The farmers in the reserve took the state government to court over the alleged sale of their cocoa plantation to the investor. The farmers, who had cultivated cocoa in the forest for over two decades, took to the streets to protest after their farms were graded for the firm to plant palm trees.
The Idanre reserve is a protected natural forest and an important conservation area for the local flora and fauna.
Information on the website of SAO Agro, the company at the heart of the conflict in the forest reserves, stated that the firm is the lead investor developing the Ondo Special Agro Processing Zone supported by the African Development Bank (AfDB) and the Ondo government in the bid to increase state IGR through national and international agricultural trade.

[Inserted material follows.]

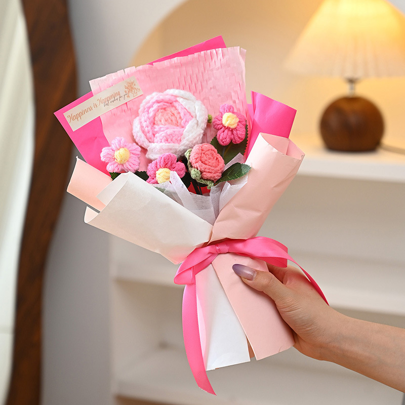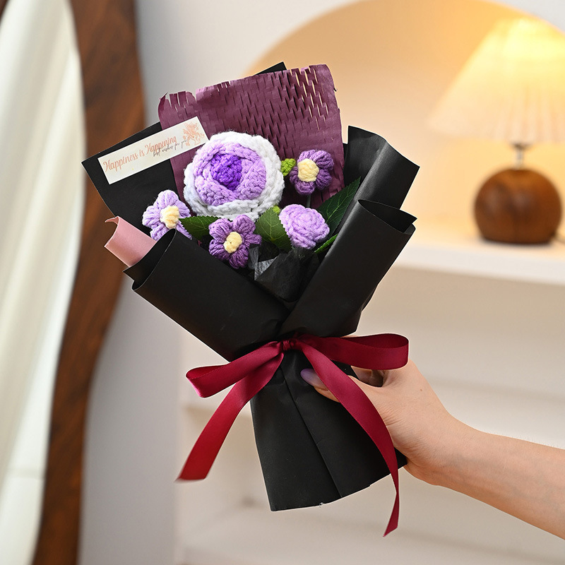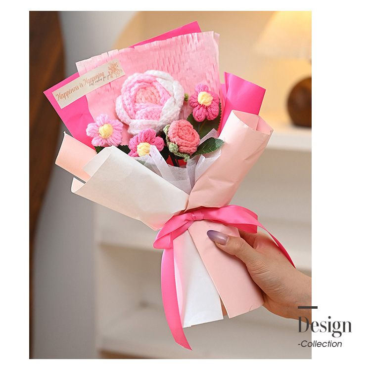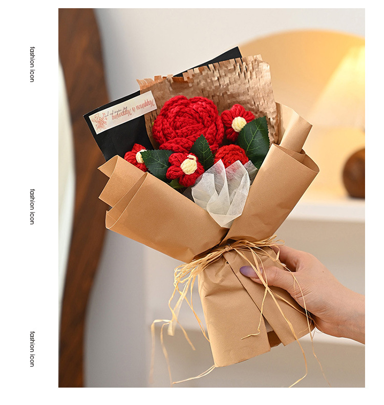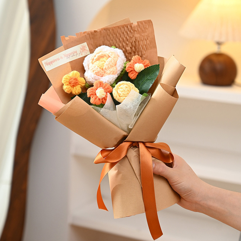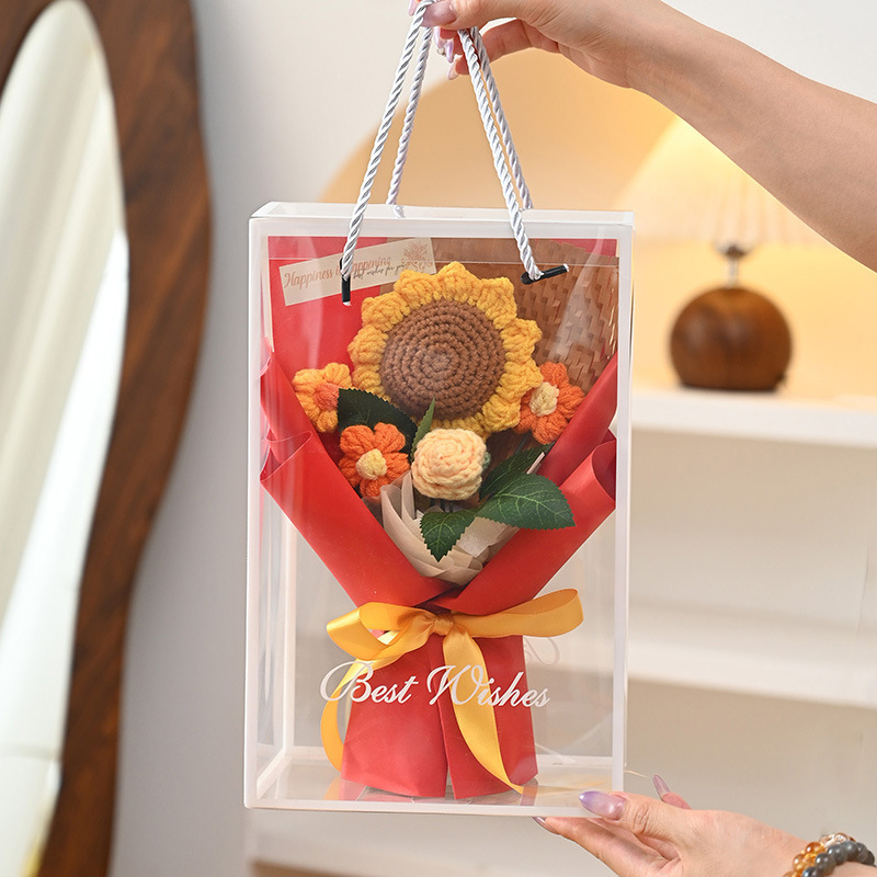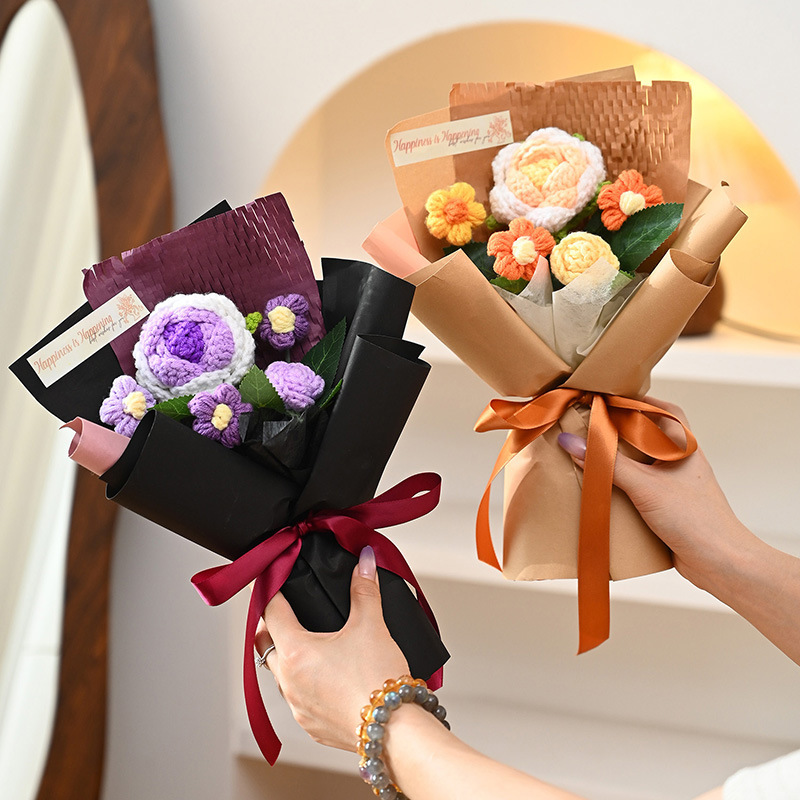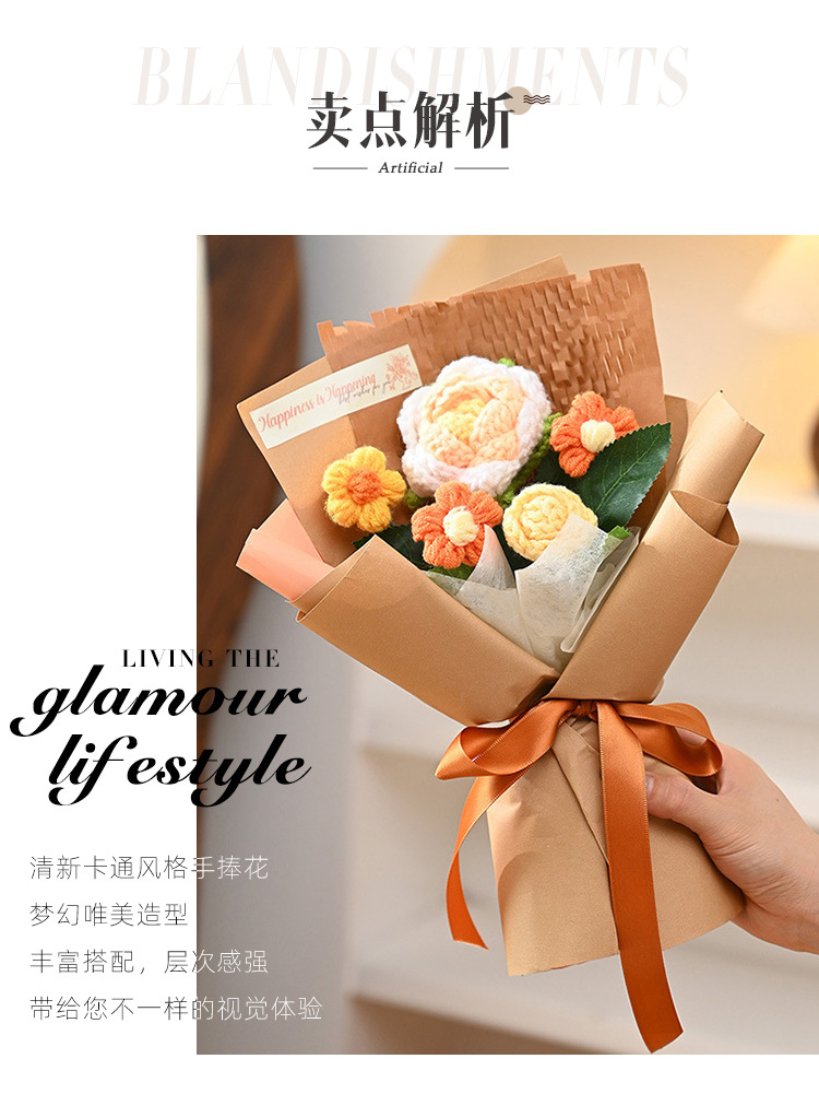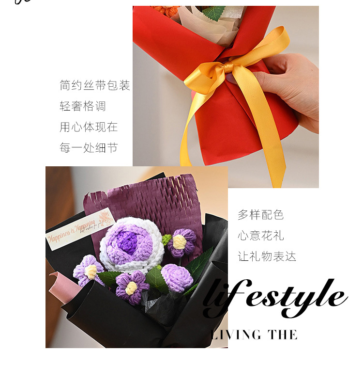 三八妇女神节礼物针织成品毛线花束生日礼物向日葵手工编织仿真花
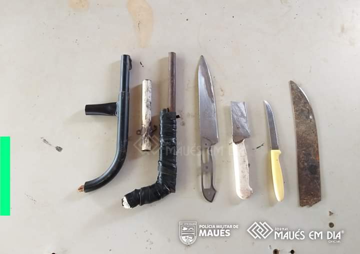 10ª CIPM.G.GUARANÁ.MAUÉS (AM) – Segundo a 10ª Companhia Independente da Polícia Militar de Maués foi realizado durante a Operação Cerol a apreensão de diversas armas de fabricação caseira e facas na manhã desta segunda-feira (05) durante a Operação Cerol, todo o material havia sido abandonado por acusados que ao perceber a chegada da viatura policial fugiram do local deixando suas armas para trás, abordagens e revistas foram feitas durante o patrulhamento ostensivo nos bairros da cidade.

This reporter reached out to SAO Agro through its corporate emails, website, and phone calls, seeking information on the agricultural activities of the investment company in the forest reserves in Ondo state and whether it is aware of its negative effect on the conservation of the depleting forest. Further questions were asked on the alleged involvement of the company in the assault of farmers in the forests. But there were no responses from the company.
In his reaction, Ebenezer Adeniyan, chief press secretary to Lucky Aiyedatiwa, the new governor of Ondo, said the issue was inherited from the past administration in the state. He said he was unsure if the matter had caught the attention of Aiyedatiwa, who was the deputy governor in the previous administration.